İmaj çağı, sosyal medya ve siyaset pazarlaması: Söz uçar “caps” kalır
* Siyaset yapmak konuşma ve iletişimle birlikte anılmıştır. Topluluklara etkili mesajlar aktarmak ve onların mesajlarını doğru anlamak siyaset yapmanın temel unsurlarındandır.
* Aristo’ya göre politika üzerine konuşmak, politika yapmanın kendisidir. Bu yaklaşım, söylem ve eylemin birliğine dikkat çekerken siyasetin kaçınılmaz biçimde iletişimle olan bağına da işaret eder.
* Liberal pencereden bakanlar için siyasal iletişim, yönetilenlere (ya da seçmene) mesajları en etkili biçimde ulaştırma yöntemidir. Siyasetçinin belagat yeteneği, yöneticiye yönetme gücü veren en önemli özellik olarak görülür.
* Liberal bakış, iletişimin karşılıklılık boyutunu, yani halkın mesajlarını siyasetçilere nasıl ulaştıracakları, mesaj iletme kanallarının ne kadar açık ve işlevsel olduğunu göz ardı etmekle birlikte siyaset ve medya alanının hakim yaklaşımı olagelmiştir.
Kitle iletişim araştırmaları alanındaki ilk çalışmalar da medyanın izleyici/dinleyici üzerine etkileri ve propaganda odaklı çalışmalardır. Gazetelerin ortaya çıkışı, basının kitleselleşmesi ve sonrasında hareketli görüntülerin kullanımı siyasal iletişimdeki dönüşümün de başlangıcı olur. II. Dünya Savaşı’ndan sonra yaygınlaşan televizyon yayıncılığı, siyasal iletişimde görselliğin ve siyaset pazarlaması anlayışının ön plana çıkmasına aracılık etmiştir. Televizyonun “görsel ve işitsel cazibesi”nin siyasal pazarlama için kullanılması çok zaman almamıştır.
Siyasetçiye yönetme gücü veren belagat yeteneği, yerini görsel cazibeye ve bir uzmanlık alanına dönüşen siyaset pazarlamasının gücüne bırakmaya başladı. ABD’nin öncülük ettiği ve Türkiye’de de bir dönem “siyasetin Amerikanlaşması” diye adlandırılan bu değişimin tarihi dönüm noktalarını tekrar hatırlayalım. Seçimlerin medyanın ana gündemini oluşturduğu, sosyal medyayı “cumhurbaşkanı adayınız kim?” sorusuyla halka mikrofon uzatan kullanıcıların doldurduğu şu günlerde hem imaj çağında siyasal iletişimi hem de sosyal medyanın bu sürece etkisini tartışmak yararlı olabilir.

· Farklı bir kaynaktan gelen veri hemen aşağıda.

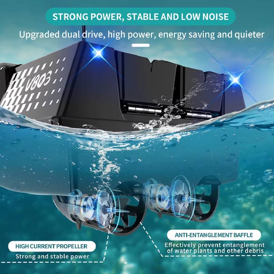 This model adds more features over the standard V803: dual Beidou+GPS navigation with autopilot and up to 4 fishing grounds & 200 anchor points within each area. The GPS function enables route planning, cruise control and automatic return functionality for increased precision and repeatable bait placement.

İçerikten ses oyunlarına: “I Like Ike”
Televizyonun evlerimize girmesi, hem siyasal konuşmaları evin içine taşımış hem de ikna edici iletişimde “görsel cazibeyi “ ön plana çıkardı. ABD Başkan adayı General Eisenhower’ın 1952 yılında seçmene yönelik olarak yaptığı televizyon konuşması, seçimin kaderini belirlediği gibi TV’nin seçmen üzerindeki etkisini de gösteren bir dönüm noktası olarak görülür. Bir dönemin kamuoyu araştırmalarına damgasını vurmuş olan Gallup şirketi General’in ekran konuşmasının başlıklarını belirlemiş ve konuşma boyunca da dakika dakika seçmenin nabzını tutmaya çalışmıştır.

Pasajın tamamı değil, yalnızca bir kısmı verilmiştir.